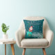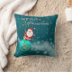 Help make your home or office more festive this holiday season with our adorable square throw pillow (different sizes and fabrics available) that features a darling Santa standing atop of teal-colored ornament, riding a wave of snowflakes.
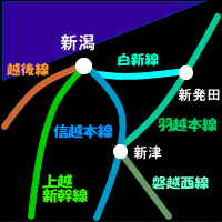 1995年/平成7年1月26日,信越本線 新潟駅で, 降雪の中を発着する485系,115系,キハ110系を撮影しました。 115系は新潟地区塗色でした。 当時の新潟駅は,新幹線ホームが高架,在来線ホームが地上にあり, 在来線の信越本線,白新線,越後線が接続していました。 当時の昼行特急は,北陸特急 雷鳥,北越,白鳥, 羽越本線直通“いなほ”が発着しました。 新潟駅の高架工事が進められており 在来線の3面5線の高架ホームが2021年度に完成予定です。 |
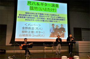 もう一曲は、尺八の山城先生にも加わっていただき『弦竹(いとたけ)』メンバーお三方の演奏を堪能しました。
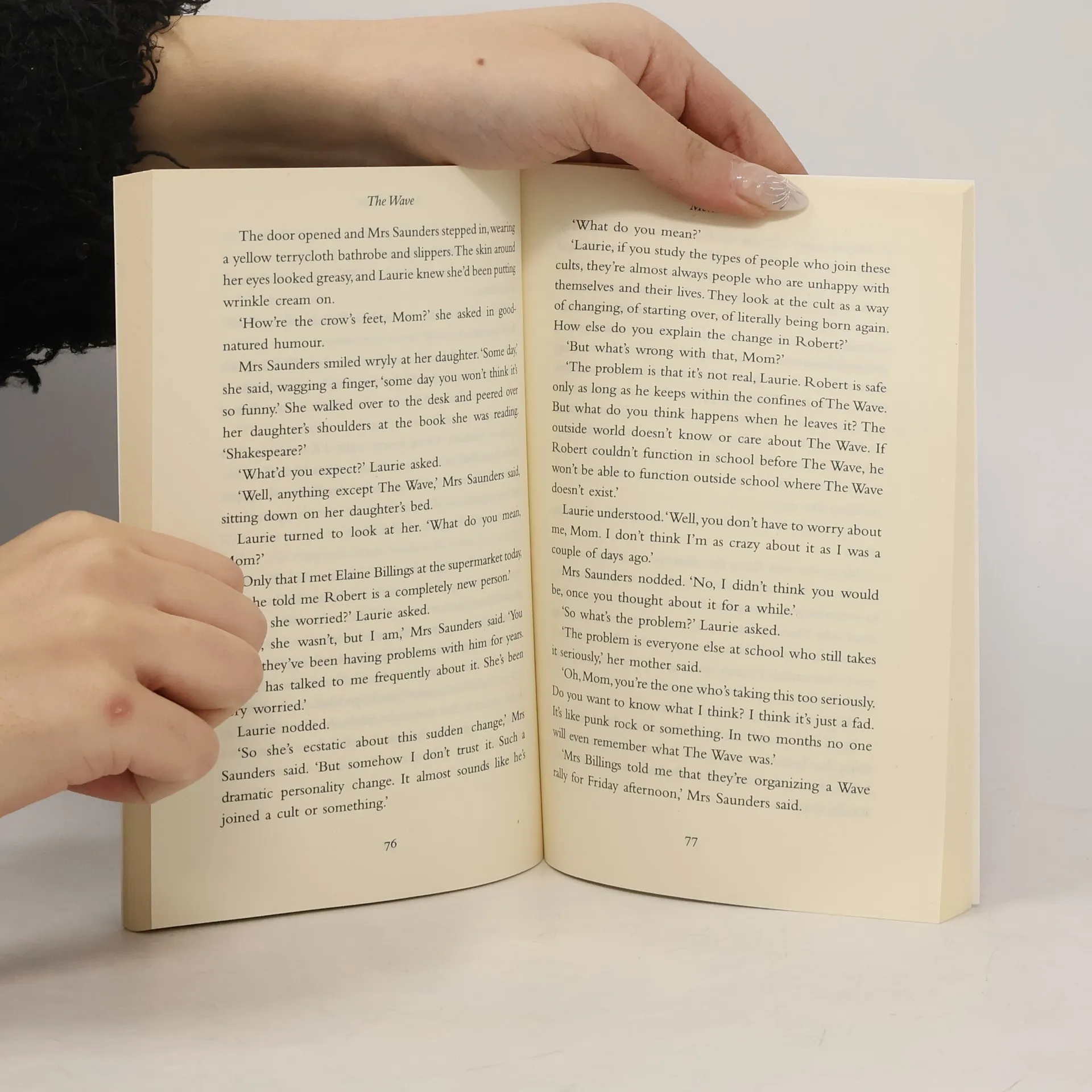 The Wave is based on a true incident that occurred in a high school history class in Palo Alto, California, in 1969. The powerful forces of group pressure that pervaded many historic movements such as Nazism are recreated in the classroom when history teacher Burt Ross introduces a "new" system to his students. And before long The Wave , with its rules of "strength through discipline, community, and action", sweeps from the classroom through the entire school. And as most of the students join the movement, Laurie Saunders and David Collins recognize the frightening momentum of The Wave and realize they must stop it before it's too late.
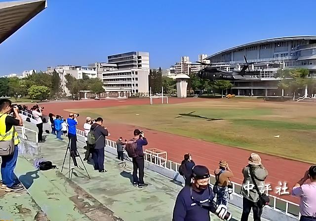 陸軍航空601旅2日先行展開起降操演,2架直升機緩緩飛近台中逢甲大學的校園操場,之後由UH-60M黑鷹直升機領航,先進行降落任務。再由AH-64E阿帕契攻擊直升機,低空盤旋降落,現場颳起陣陣塵土,氣勢磅礡。
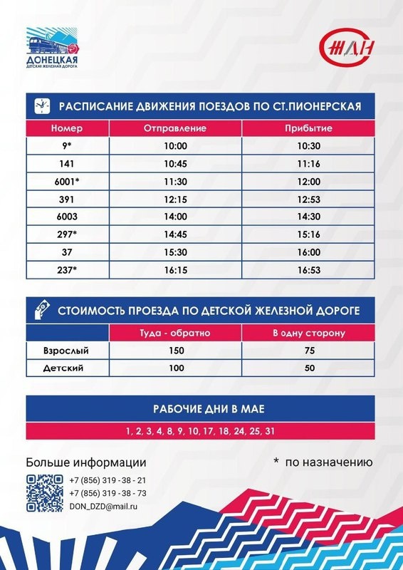 С 1 мая 2025 года Донецкая детская железная дорога открыла новый 53-й сезон работы. Теперь взрослые и дети могут снова посетить любимый аттракцион, прокатиться на фирменном поезде по маршруту от станции «Пионерская» до станции «Шахтёрская». Протяженность маршрута движения поезда составляет 2,1 км,т время в пути в оба конца - 25 минут.
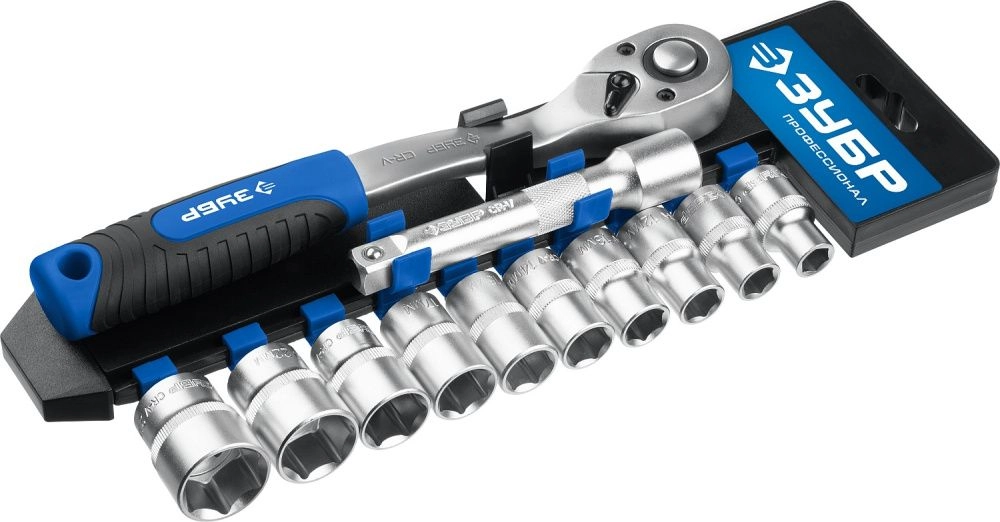 ПроизводителиНабор головок с трещоткой и удлинителем 1/2" 10-24мм, 12пр., на подвесе (27647-H12_z01) ЗУБР
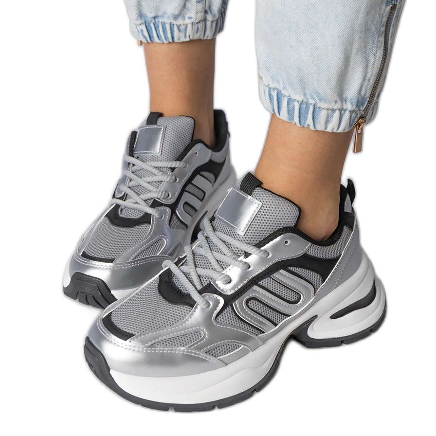 Silver sports sneakers on a massive sole is a proposal that will certainly attract the attention of every fashionable woman. The YY-9 L model in an elegant silver color combines modern style and comfort, perfectly fitting into current trends. The 6 cm high platform guarantees excellent cushioning, which makes the shoes perfect for both everyday stylizations and for sports activities.
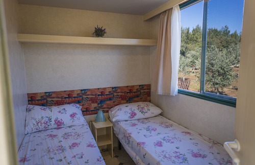 Within the estate, guests have access to a shared swimming pool with a relaxation area equipped with deckchairs and umbrellas. There is also a children's play area with slides and games. Parking is available outside the structure.
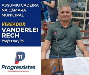 Na sessão ordinária da última segunda-feira (03/04), o vereador 1º suplente Vanderlei Rech – PP tomou posse, na Câmara Municipal de Sarandi, em substituição a vereadora Tatiana Regina Pelizari, que está de licença por 30 dias. Vanderlei Rech (Professor Jiló) obteve 334 votos nas eleições municipais de 2020.
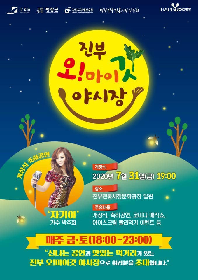 평창군이 7월 31일(금)부터 진부전통시장 공연장 일원에서 진부 오! 마이 갓 야시장을 운영한다고 밝혔다.
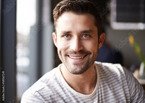 Keep up the positivity. Portrait of a smiling young man in a cafe.
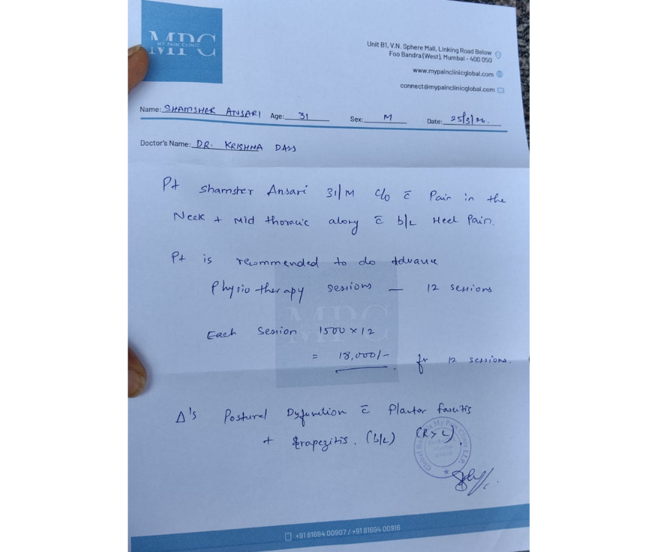 The treatment for my joint pain costs ₹1500 per session, and I need 12 sessions, total ₹18,000. Due to my current financial situation, it has become very difficult for me to afford this treatment.
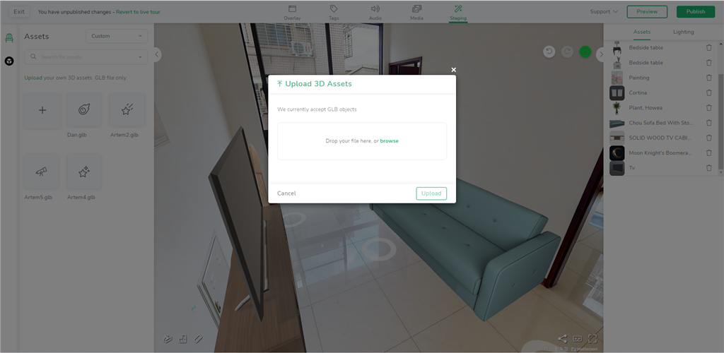 如果還是沒有找到滿意的素材,captur3d支援glb格式檔案,在Custom可以上傳。
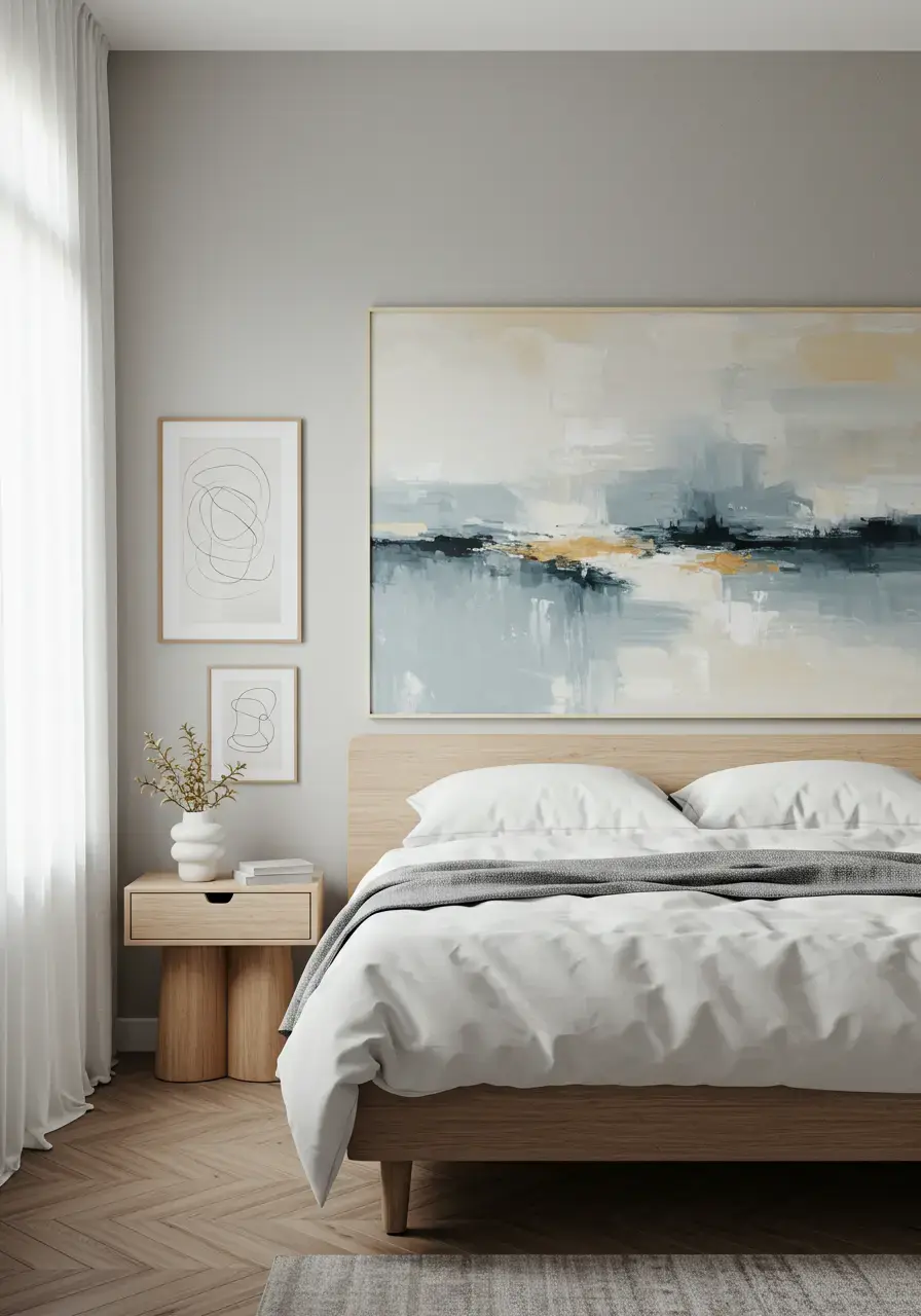 • Create a small, curated gallery wall with 2-3 complementary pieces of abstract or minimalist art.
_ _ _
#### EXERCISE:
The expected response is every entry above, repeated exactly, pictures removed.

#### RESPONSE TO THIS TASK:
 Help make your home or office more festive this holiday season with our adorable square throw pillow (different sizes and fabrics available) that features a darling Santa standing atop of teal-colored ornament, riding a wave of snowflakes.
 1995年/平成7年1月26日,信越本線 新潟駅で, 降雪の中を発着する485系,115系,キハ110系を撮影しました。 115系は新潟地区塗色でした。 当時の新潟駅は,新幹線ホームが高架,在来線ホームが地上にあり, 在来線の信越本線,白新線,越後線が接続していました。 当時の昼行特急は,北陸特急 雷鳥,北越,白鳥, 羽越本線直通“いなほ”が発着しました。 新潟駅の高架工事が進められており 在来線の3面5線の高架ホームが2021年度に完成予定です。 |
 もう一曲は、尺八の山城先生にも加わっていただき『弦竹(いとたけ)』メンバーお三方の演奏を堪能しました。
 The Wave is based on a true incident that occurred in a high school history class in Palo Alto, California, in 1969. The powerful forces of group pressure that pervaded many historic movements such as Nazism are recreated in the classroom when history teacher Burt Ross introduces a "new" system to his students. And before long The Wave , with its rules of "strength through discipline, community, and action", sweeps from the classroom through the entire school. And as most of the students join the movement, Laurie Saunders and David Collins recognize the frightening momentum of The Wave and realize they must stop it before it's too late.
 陸軍航空601旅2日先行展開起降操演,2架直升機緩緩飛近台中逢甲大學的校園操場,之後由UH-60M黑鷹直升機領航,先進行降落任務。再由AH-64E阿帕契攻擊直升機,低空盤旋降落,現場颳起陣陣塵土,氣勢磅礡。
 С 1 мая 2025 года Донецкая детская железная дорога открыла новый 53-й сезон работы. Теперь взрослые и дети могут снова посетить любимый аттракцион, прокатиться на фирменном поезде по маршруту от станции «Пионерская» до станции «Шахтёрская». Протяженность маршрута движения поезда составляет 2,1 км,т время в пути в оба конца - 25 минут.
 ПроизводителиНабор головок с трещоткой и удлинителем 1/2" 10-24мм, 12пр., на подвесе (27647-H12_z01) ЗУБР
 Silver sports sneakers on a massive sole is a proposal that will certainly attract the attention of every fashionable woman. The YY-9 L model in an elegant silver color combines modern style and comfort, perfectly fitting into current trends. The 6 cm high platform guarantees excellent cushioning, which makes the shoes perfect for both everyday stylizations and for sports activities.
 Within the estate, guests have access to a shared swimming pool with a relaxation area equipped with deckchairs and umbrellas. There is also a children's play area with slides and games. Parking is available outside the structure.
 Na sessão ordinária da última segunda-feira (03/04), o vereador 1º suplente Vanderlei Rech – PP tomou posse, na Câmara Municipal de Sarandi, em substituição a vereadora Tatiana Regina Pelizari, que está de licença por 30 dias. Vanderlei Rech (Professor Jiló) obteve 334 votos nas eleições municipais de 2020.
 평창군이 7월 31일(금)부터 진부전통시장 공연장 일원에서 진부 오! 마이 갓 야시장을 운영한다고 밝혔다.
 Keep up the positivity. Portrait of a smiling young man in a cafe.
 The treatment for my joint pain costs ₹1500 per session, and I need 12 sessions, total ₹18,000. Due to my current financial situation, it has become very difficult for me to afford this treatment.
 如果還是沒有找到滿意的素材,captur3d支援glb格式檔案,在Custom可以上傳。
 • Create a small, curated gallery wall with 2-3 complementary pieces of abstract or minimalist art.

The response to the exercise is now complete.